There are two ways filmmakers deal with stage adaptations. In the first case, the film becomes a document of the text/performance (e.g. Streetcar.) Sometimes this is successful, though often it creates a “museum” piece, with all that entails. In the second case, the film reinvents the play. One play that has seen both treatments is O’Neill’s Long Day’s Journey Into Night. Because the O’Neill estate does not allow substantial textual changes to his work, it’s do-or-die for any filmmaker wanting to work with them.

Sidney Lumet’s 1962 version faithfully captures what is admittedly a very long, arduous play about a woman succumbing to drug addiction, with some very strong performances to recommend it. There is little to suggest that we’re watching a film rather than a play, however, apart from a couple of interesting camera moves at crucial points, which clearly announce that we are looking at the characters through a camera, as though the director suddenly grew self-conscious about letting the work take over the film. David Wellington’s brilliant version, on the other hand, while equally long, never forgets for a moment that it is a film and not a play. The camera lovingly lingers on body parts--the twitching, convulsive hands of a drug addict--and on the beautiful period furniture of the house in which the characters are trapped, adding other dimensions to all those words, words, words! The result is a much more intimate portrait, as well as an enjoyable-albeit-tragic film, of a disintegrating family trapped in a sterile environment.

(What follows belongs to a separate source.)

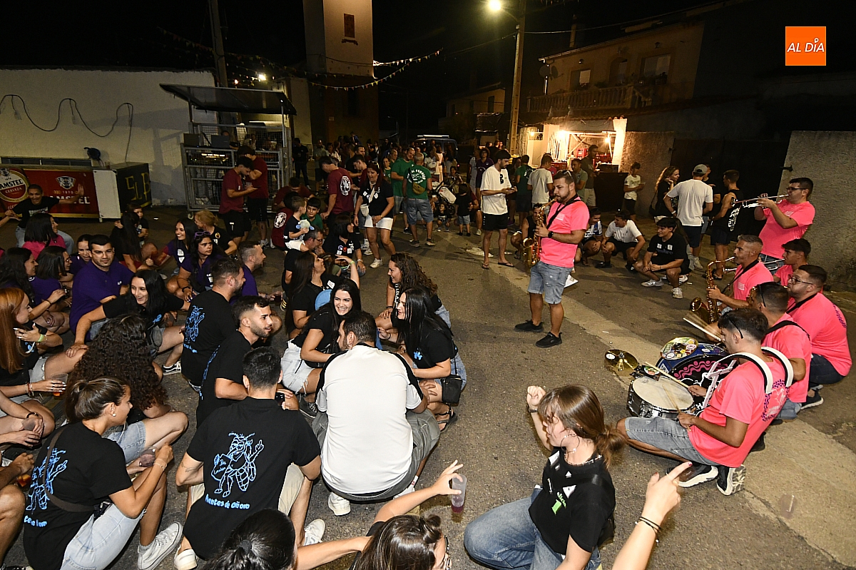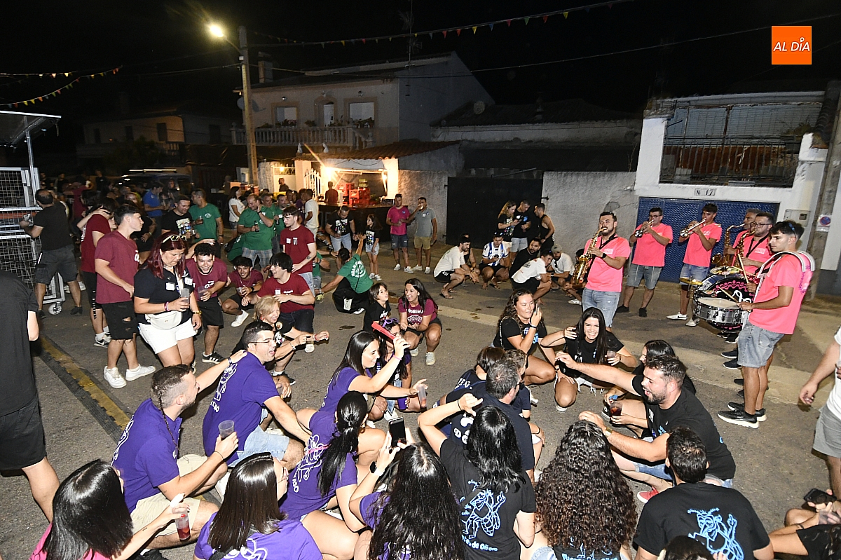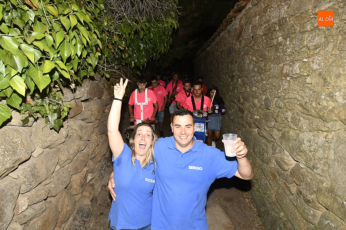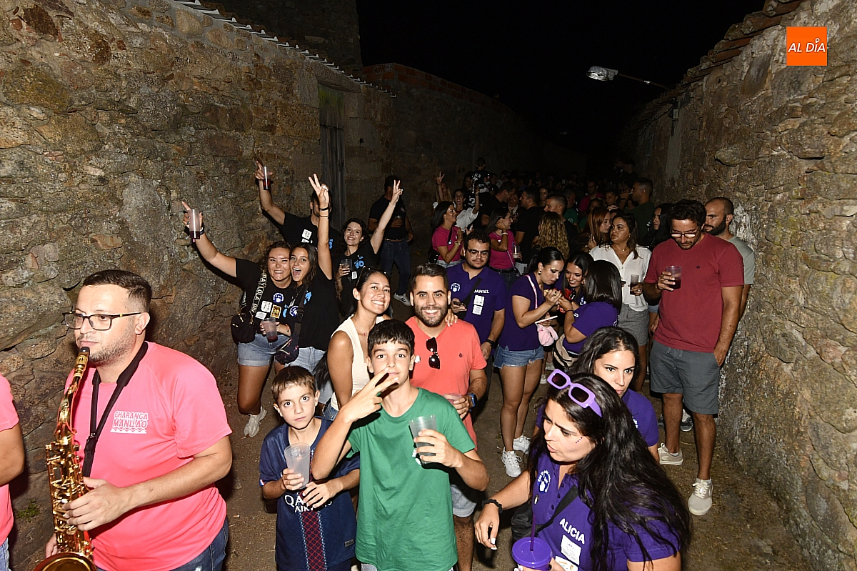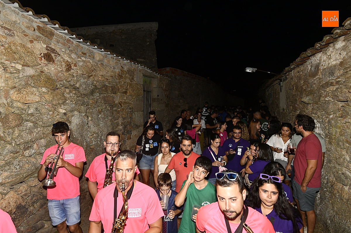 La localidad rayana de Fuentes de Oñoro inauguró sus fiestas veraniegas en honor a Nuestra Señora de la Asunción con gran paroxismo festivo y el frenesí de las peñas que constituyen el alma del programa. En un ambiente saleroso y colorido, la comitiva, animada en todo momento por la charanga mirobrigense “Manliao”, recorrió calles y plazas visitando las distintas sedes, donde se ofrecía sangría y productos típicos de la zona. La calurosa tarde acompañó el trayecto hasta que el sol, lentamente, se ocultó en el horizonte.
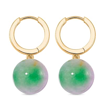 Multi Colour Jade Earring with Clasp in Gold Overlay Sterling Silver 28.00 Ct.

All this reflecting helped me to see my adaptation troubles were not unique. I wanted to maintain the integrity of the original story, while still drawing my audience in, and without sacrificing my character’s inner life. Twenty drafts and four titles later I carved out a back-story that became the new main story which gave my protagonist the aim of winning back his father’s affection lost over an argument about his “lifestyle”. The film, to be shot next month, is now called My Heart Belongs To Daddy.

Interestingly, my writerly inclinations still find the original story of a young man dealing with his inner fears more compelling than the one of his need for familial redemption. My filmmaking inclinations, however, know that this new version will play much better on-screen.